Planet Terror is so gleefully over the top that I would have been satisfied if the credits had rolled then and there, but instead we're treated to fake trailers from the likes of Rob Zombie (Werewolf Women of the S.S., which features Udo Kier, Sybil Danning and Nicolas Cage as Fu Manchu), Edgar Wright (Don't) and Eli Roth (Thanksgiving). (Amusingly enough, the trailers for Wright's Hot Fuzz and Roth's Hostel: Part II actually preceded Grindhouse, but I missed out on the one for Zombie's remake of Halloween.)

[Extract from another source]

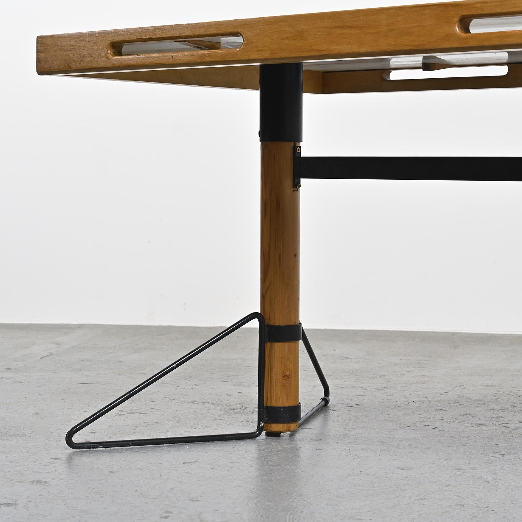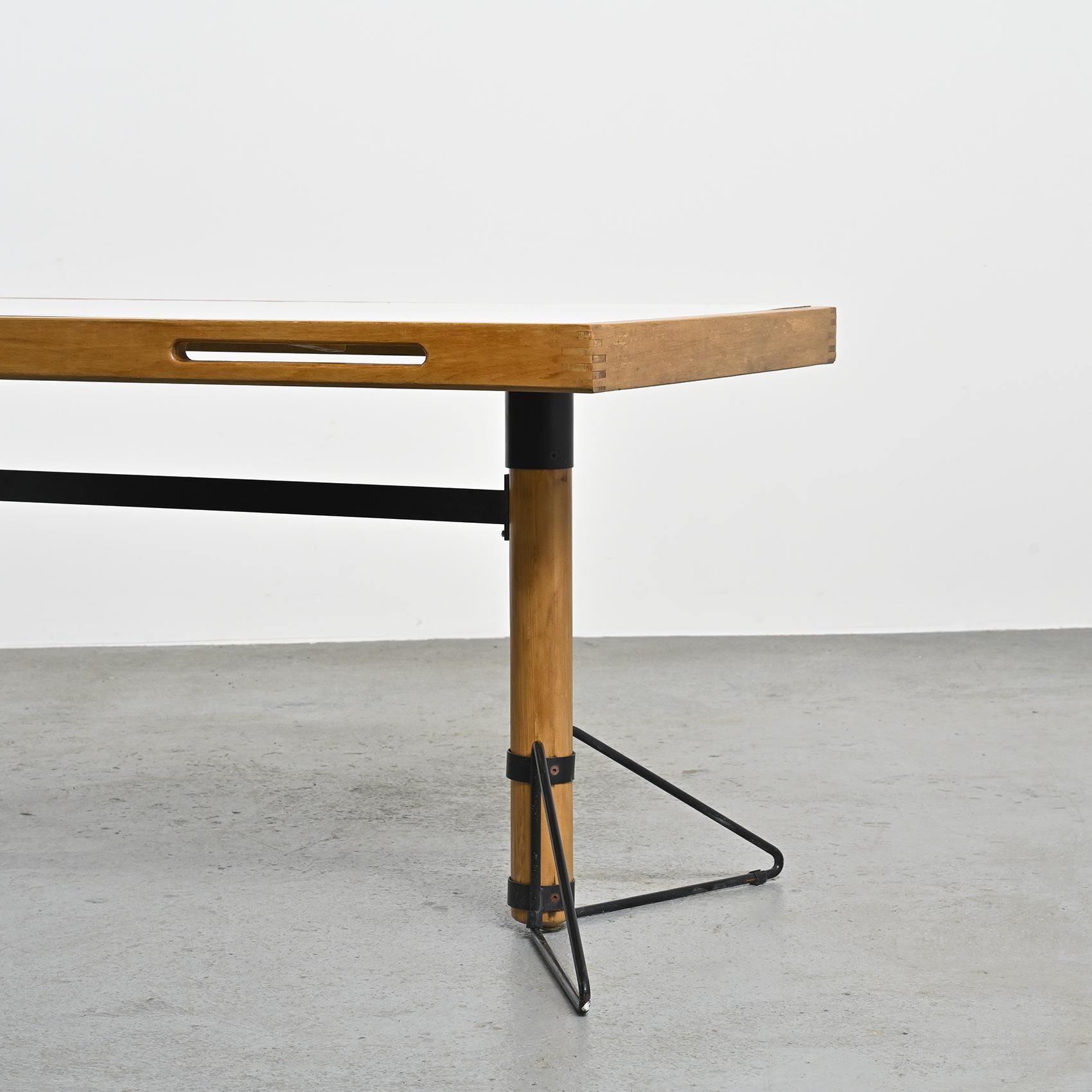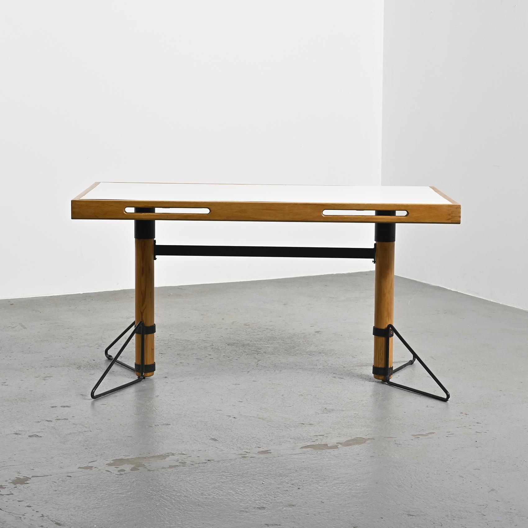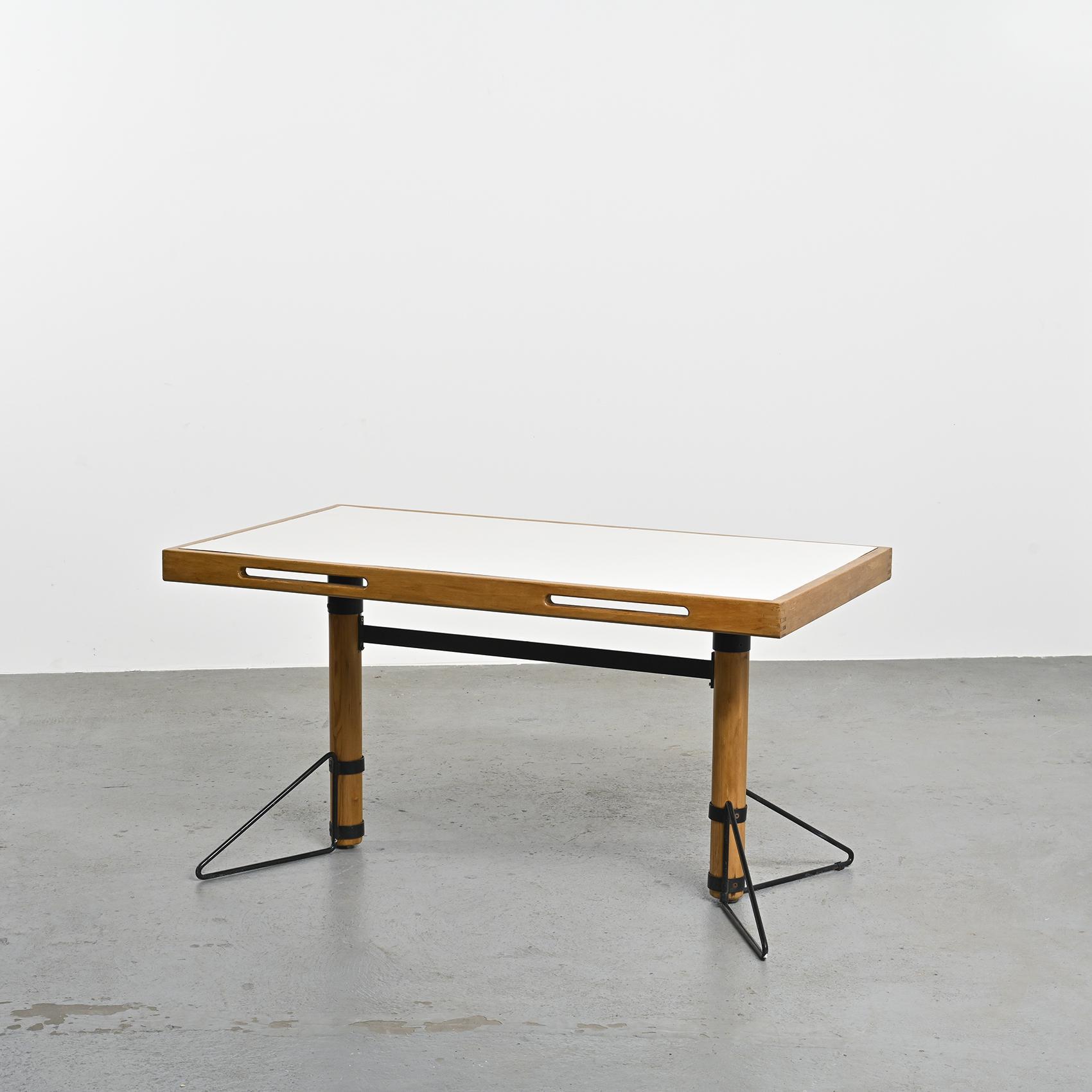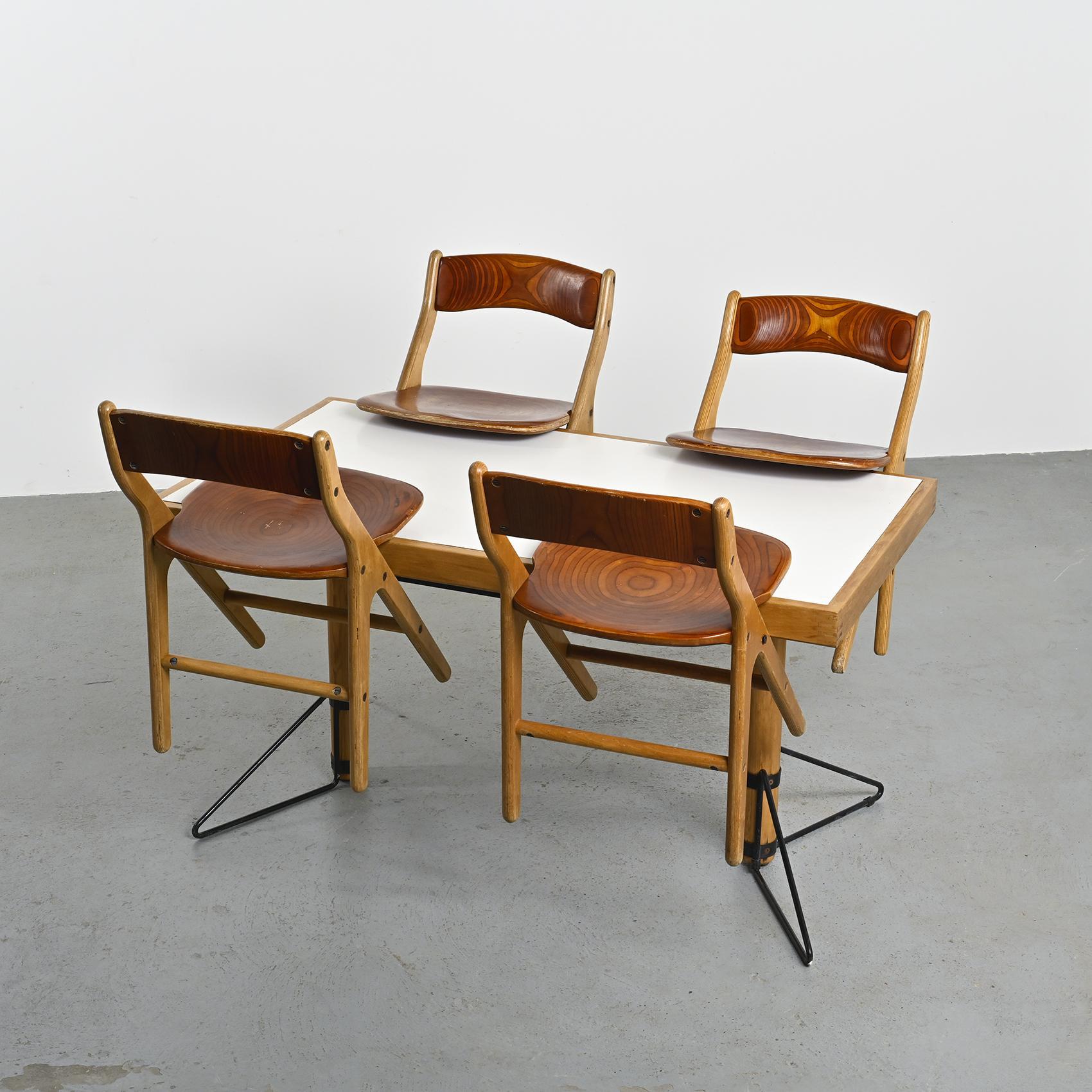 L'ensemble se compose d'une table rectangulaire en mélaminé blanc aux bordures en hêtre massif, reposant sur deux piètements cylindriques en métal laqué noir et hêtre, et de quatre chaises assorties en hêtre et bois exotique moulé façon plywood. Les dossiers arrondis dialoguent avec la rigueur géométrique du plateau. Sous chaque assise, une pièce métallique permet de suspendre les chaises dans les ouvertures ajourées du plateau : un dispositif ingénieux imaginé pour faciliter le nettoyage des sols dans les espaces collectifs, et typique de l'esprit rationnel et fonctionnel de Marc Held.

Then comes Quentin Tarantino's Death Proof, which explicitly references such seminal car-chase movies as Vanishing Point and Dirty Mary, Crazy Larry. It stars Kurt Russell as a retired stuntman who uses his car to brutally kill young women, for reasons which are known only to him. We actually get to see him in action twice, first targeting an Austin DJ and her friends, and then a trio of women working on a film in Tennessee. Tarantino takes his time with both scenarios, preferring to spend some quality time with the doomed women before letting Russell loose on them. This is especially the case the second time, in which stunt driver Tracie Thoms, make-up artist Rosario Dawson and real-life Kiwi stuntwoman Zoe Bell manage to turn the tables on him.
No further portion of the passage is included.